*** Opening of RECORDS SUPPLIED ***
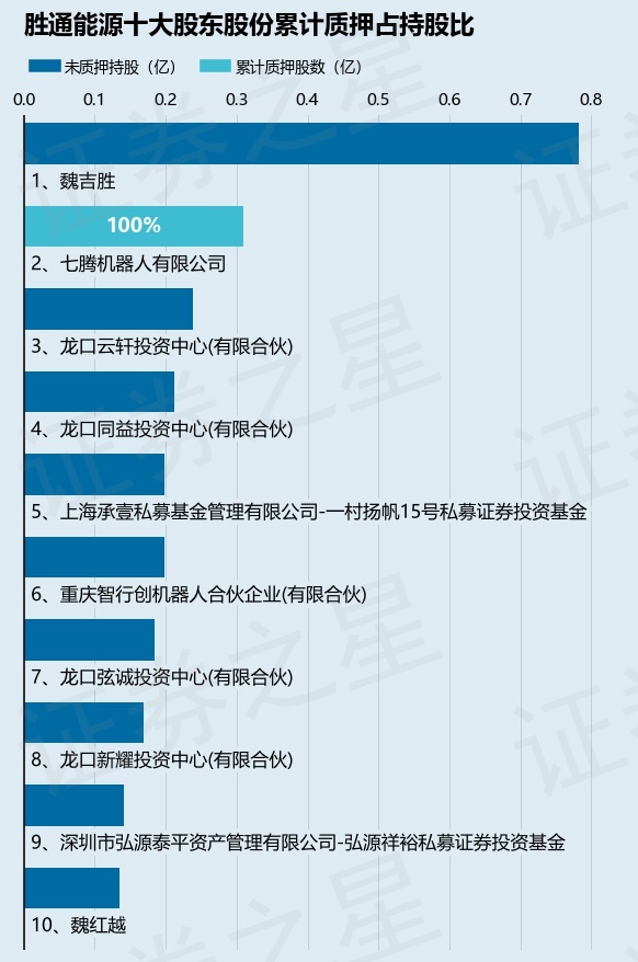 截止本公告日,股东七腾机器人有限公司已累计质押股份3101.82万股,占其持股总数的100.0%。本次质押后胜通能源十大股东的累计质押股份占持股比例(占持股比例的计算以公司最新一期财务报表公布的十大股东的持股总数为基准)见下图:
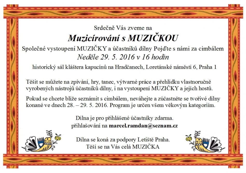 Pokud se chcete blíže seznámit s cimbálem, neváhejte a zúčastněte se tvořivé dílny konané ve dnech 28. – 29. 5. 2016. Program je určen všem věkovým kategoriím.
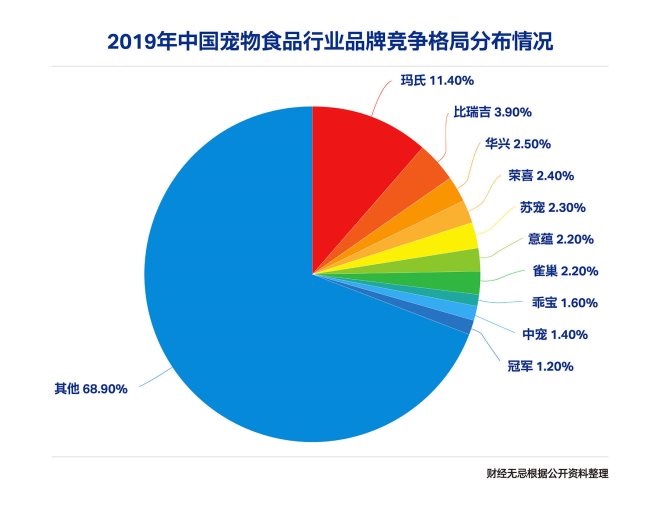 據(jù)《2020年中國(guó)寵物行業(yè)白皮書》顯示,目前國(guó)內(nèi)寵物食品市場(chǎng),瑪氏占據(jù)龍頭地位,市場(chǎng)份額占比為11.4%,其他品牌市場(chǎng)份額占比均在5%以下。
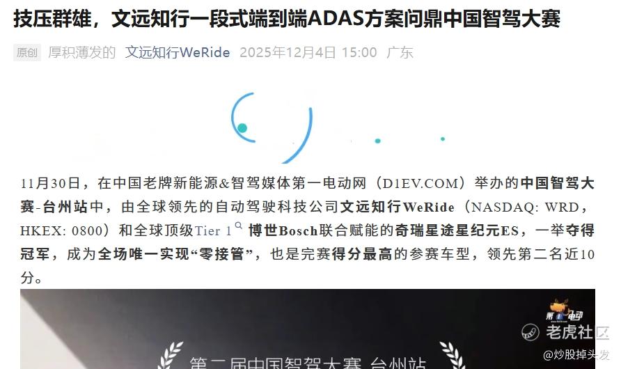 {"i18n":{"language":"zh_CN"},"detailType":1,"isChannel":false,"data":{"magic":2,"id":507198268204096,"tweetId":"507198268204096","gmtCreate":1764858386146,"gmtModify":1764859870721,"author":{"id":3585111100146944,"idStr":"3585111100146944","authorId":3585111100146944,"authorIdStr":"3585111100146944","name":"炒股掉头发","avatar":"https://static.tigerbbs.com/19f104b99dcb1ed48655208dc8e73ea0","vip":1,"userType":1,"introduction":"","boolIsFan":false,"boolIsHead":false,"crmLevel":1,"crmLevelSwitch":0,"individualDisplayBadges":[],"fanSize":1,"starInvestorFlag":false},"themes":[],"images":[{"img":"https://static.tigerbbs.com/f44720222f855aecc802de66ee14469f","width":"892","height":"530"}],"coverImages":[{"img":"https://static.tigerbbs.com/f44720222f855aecc802de66ee14469f","width":"892","height":"530"}],"title":"","html":"<html><head></head><body><p><a href=\"https://laohu8.com/S/WRD\">$文远知行(WRD)$ </a> 智驾大赛排名第一!!</p><img src=\"https://static.tigerbbs.com/f44720222f855aecc802de66ee14469f\" tg-width=\"892\" tg-height=\"530\"></body></html>","htmlText":"<html><head></head><body><p><a href=\"https://laohu8.com/S/WRD\">$文远知行(WRD)$ </a> 智驾大赛排名第一!!</p><img src=\"https://static.tigerbbs.com/f44720222f855aecc802de66ee14469f\" tg-width=\"892\" tg-height=\"530\"></body></html>","text":"$文远知行(WRD)$ 智驾大赛排名第一!!","highlighted":1,"essential":1,"paper":1,"likeSize":1,"commentSize":0,"repostSize":0,"favoriteSize":0,"link":"https://laohu8.com/post/507198268204096","repostId":0,"isVote":1,"tweetType":1,"viewCount":300,"commentLimit":10,"likeStatus":false,"favoriteStatus":false,"reportStatus":false,"symbols":["WRD","00800"],"verified":2,"subType":0,"readableState":1,"langContent":"CN","currentLanguage":"CN","warmUpFlag":false,"orderFlag":false,"shareable":true,"causeOfNotShareable":"","featuresForAnalytics":[],"commentAndTweetFlag":false,"andRepostAutoSelectedFlag":false,"upFlag":false,"length":33,"optionInvolvedFlag":false,"xxTargetLangEnum":"ZH_CN"},"commentList":[],"isCommentEnd":true,"isTiger":false,"isWeiXinMini":false,"url":"/m/post/507198268204096"}
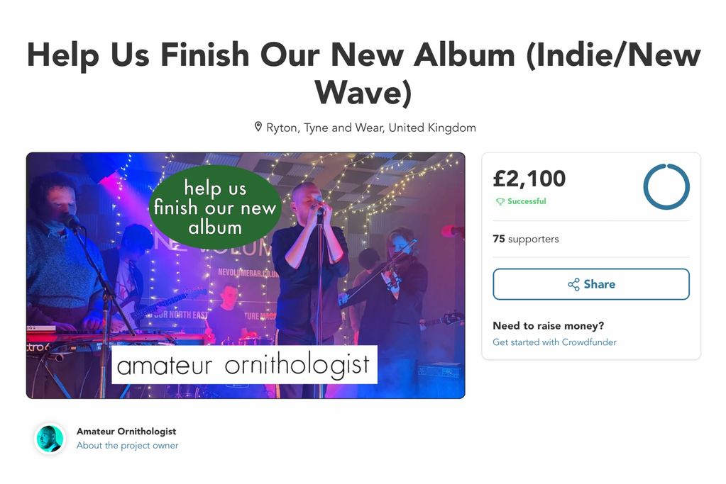I have lots of experience working on successful crowdfunding campaigns - including two I delivered for Amateur Ornithologist albums, and two I have supported other creatives with.
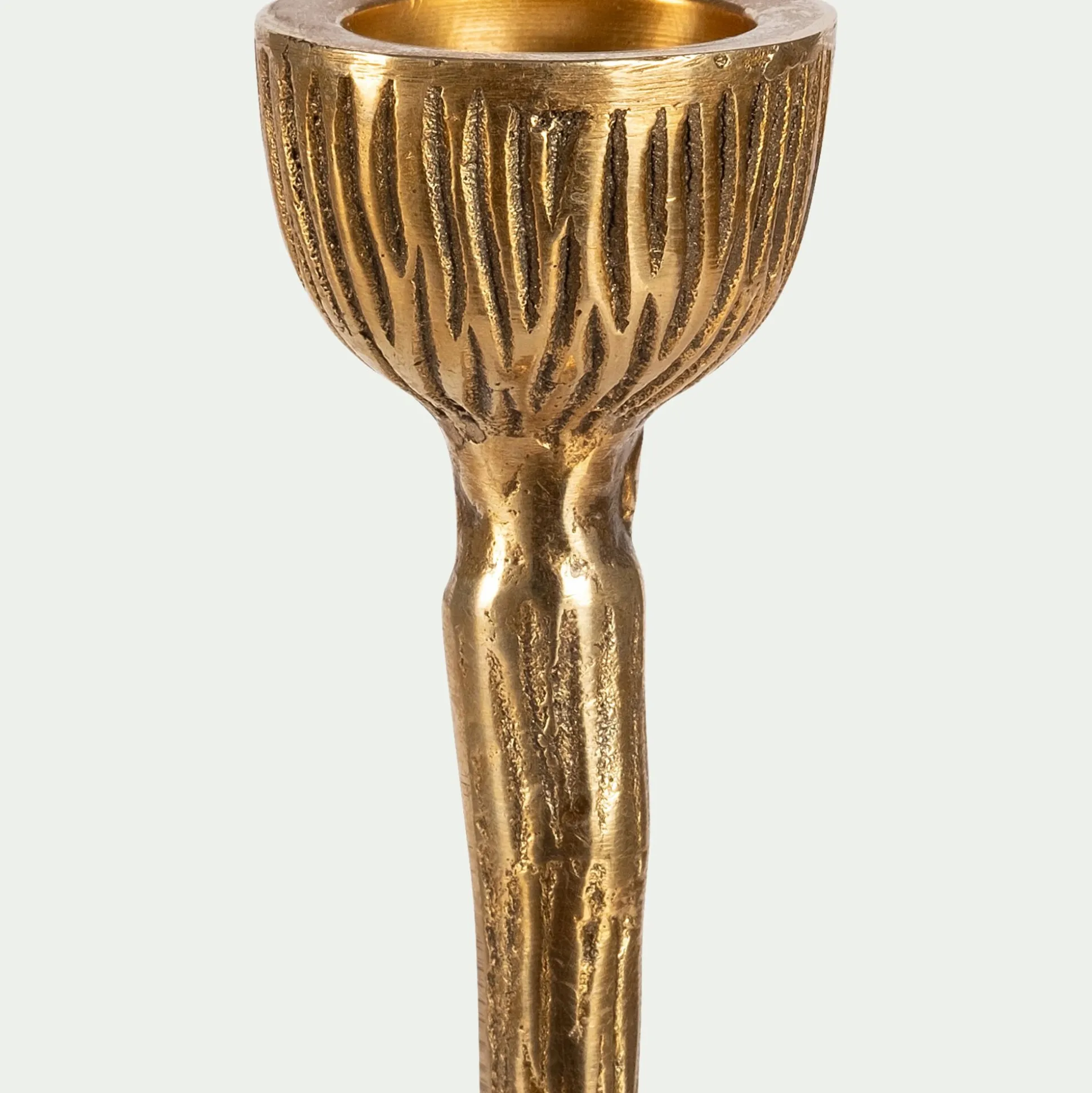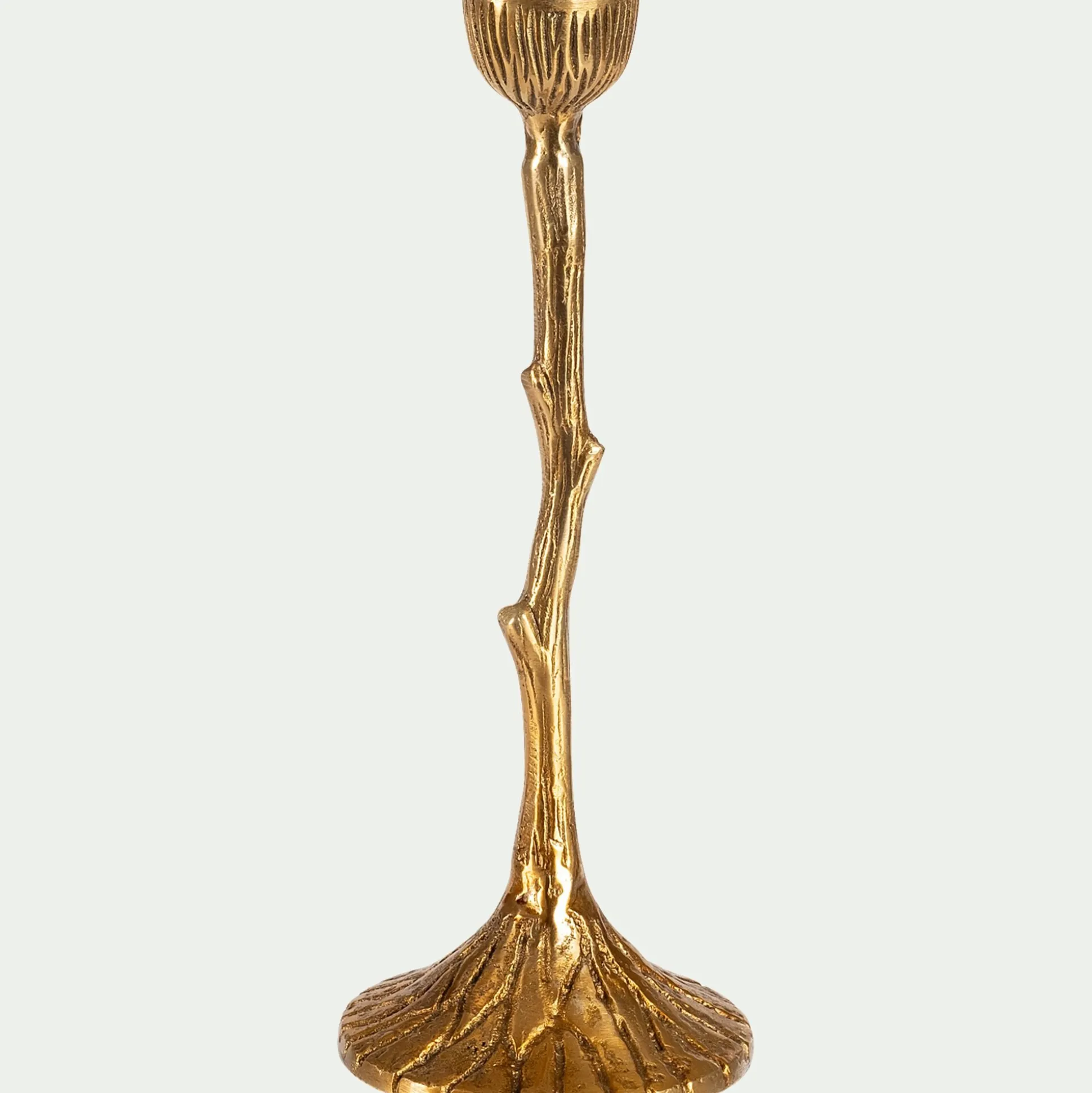 Ajoutez une touche originale à votre décoration avec ce chandelier en laiton sculpté en forme de branche. Pensé pour accueillir une bougie flambeau, il participe à une atmosphère accueillante. Quel que soit l’évènement, ce chandelier doré le rend unique et inoubliable. Sa finition dorée capte la lumière pour projeter des reflets, transformant instantanément votre intérieur.
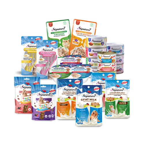 毛孩是您的心寵,我們了解您對牠的愛與呵護。為了讓牠每一餐都能品嚐到美味與營養,心寵Signature 7專為毛孩每日健康研製全系列配方寵食,包含:犬用享鮮杯、貓用主食罐、貓用主食餐包、貓用水果湯罐、犬貓用羊奶餐包、貓用點心脆餅、貓用肉泥等。無論是每日膳食、或是獎勵零食,補水餐點,我們能提供毛孩一周7天,天天不一樣的餐點,讓生活不只營養更美味。
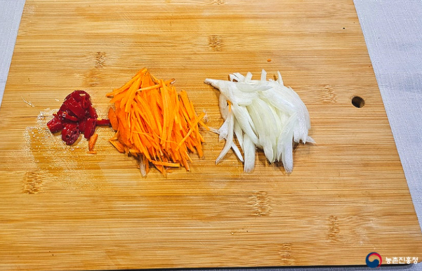 3. 양파 1/4개와 당근 1/6개는 곱게 채 썰고 홍고추 1개는 반으로 갈라 씨를 제거한 후 송송 썰어줍니다.
*** Close of RECORDS SUPPLIED ***
▶ **WORK TO BE COMPLETED**: Without the pictures, write out the entire listing exactly.

▶ **RESPONSE**:
 截止本公告日,股东七腾机器人有限公司已累计质押股份3101.82万股,占其持股总数的100.0%。本次质押后胜通能源十大股东的累计质押股份占持股比例(占持股比例的计算以公司最新一期财务报表公布的十大股东的持股总数为基准)见下图:
 Pokud se chcete blíže seznámit s cimbálem, neváhejte a zúčastněte se tvořivé dílny konané ve dnech 28. – 29. 5. 2016. Program je určen všem věkovým kategoriím.
 據(jù)《2020年中國(guó)寵物行業(yè)白皮書》顯示,目前國(guó)內(nèi)寵物食品市場(chǎng),瑪氏占據(jù)龍頭地位,市場(chǎng)份額占比為11.4%,其他品牌市場(chǎng)份額占比均在5%以下。
 {"i18n":{"language":"zh_CN"},"detailType":1,"isChannel":false,"data":{"magic":2,"id":507198268204096,"tweetId":"507198268204096","gmtCreate":1764858386146,"gmtModify":1764859870721,"author":{"id":3585111100146944,"idStr":"3585111100146944","authorId":3585111100146944,"authorIdStr":"3585111100146944","name":"炒股掉头发","avatar":"https://static.tigerbbs.com/19f104b99dcb1ed48655208dc8e73ea0","vip":1,"userType":1,"introduction":"","boolIsFan":false,"boolIsHead":false,"crmLevel":1,"crmLevelSwitch":0,"individualDisplayBadges":[],"fanSize":1,"starInvestorFlag":false},"themes":[],"images":[{"img":"https://static.tigerbbs.com/f44720222f855aecc802de66ee14469f","width":"892","height":"530"}],"coverImages":[{"img":"https://static.tigerbbs.com/f44720222f855aecc802de66ee14469f","width":"892","height":"530"}],"title":"","html":"<html><head></head><body><p><a href=\"https://laohu8.com/S/WRD\">$文远知行(WRD)$ </a> 智驾大赛排名第一!!</p><img src=\"https://static.tigerbbs.com/f44720222f855aecc802de66ee14469f\" tg-width=\"892\" tg-height=\"530\"></body></html>","htmlText":"<html><head></head><body><p><a href=\"https://laohu8.com/S/WRD\">$文远知行(WRD)$ </a> 智驾大赛排名第一!!</p><img src=\"https://static.tigerbbs.com/f44720222f855aecc802de66ee14469f\" tg-width=\"892\" tg-height=\"530\"></body></html>","text":"$文远知行(WRD)$ 智驾大赛排名第一!!","highlighted":1,"essential":1,"paper":1,"likeSize":1,"commentSize":0,"repostSize":0,"favoriteSize":0,"link":"https://laohu8.com/post/507198268204096","repostId":0,"isVote":1,"tweetType":1,"viewCount":300,"commentLimit":10,"likeStatus":false,"favoriteStatus":false,"reportStatus":false,"symbols":["WRD","00800"],"verified":2,"subType":0,"readableState":1,"langContent":"CN","currentLanguage":"CN","warmUpFlag":false,"orderFlag":false,"shareable":true,"causeOfNotShareable":"","featuresForAnalytics":[],"commentAndTweetFlag":false,"andRepostAutoSelectedFlag":false,"upFlag":false,"length":33,"optionInvolvedFlag":false,"xxTargetLangEnum":"ZH_CN"},"commentList":[],"isCommentEnd":true,"isTiger":false,"isWeiXinMini":false,"url":"/m/post/507198268204096"}
I have lots of experience working on successful crowdfunding campaigns - including two I delivered for Amateur Ornithologist albums, and two I have supported other creatives with.
 Ajoutez une touche originale à votre décoration avec ce chandelier en laiton sculpté en forme de branche. Pensé pour accueillir une bougie flambeau, il participe à une atmosphère accueillante. Quel que soit l’évènement, ce chandelier doré le rend unique et inoubliable. Sa finition dorée capte la lumière pour projeter des reflets, transformant instantanément votre intérieur.
 毛孩是您的心寵,我們了解您對牠的愛與呵護。為了讓牠每一餐都能品嚐到美味與營養,心寵Signature 7專為毛孩每日健康研製全系列配方寵食,包含:犬用享鮮杯、貓用主食罐、貓用主食餐包、貓用水果湯罐、犬貓用羊奶餐包、貓用點心脆餅、貓用肉泥等。無論是每日膳食、或是獎勵零食,補水餐點,我們能提供毛孩一周7天,天天不一樣的餐點,讓生活不只營養更美味。
 3. 양파 1/4개와 당근 1/6개는 곱게 채 썰고 홍고추 1개는 반으로 갈라 씨를 제거한 후 송송 썰어줍니다.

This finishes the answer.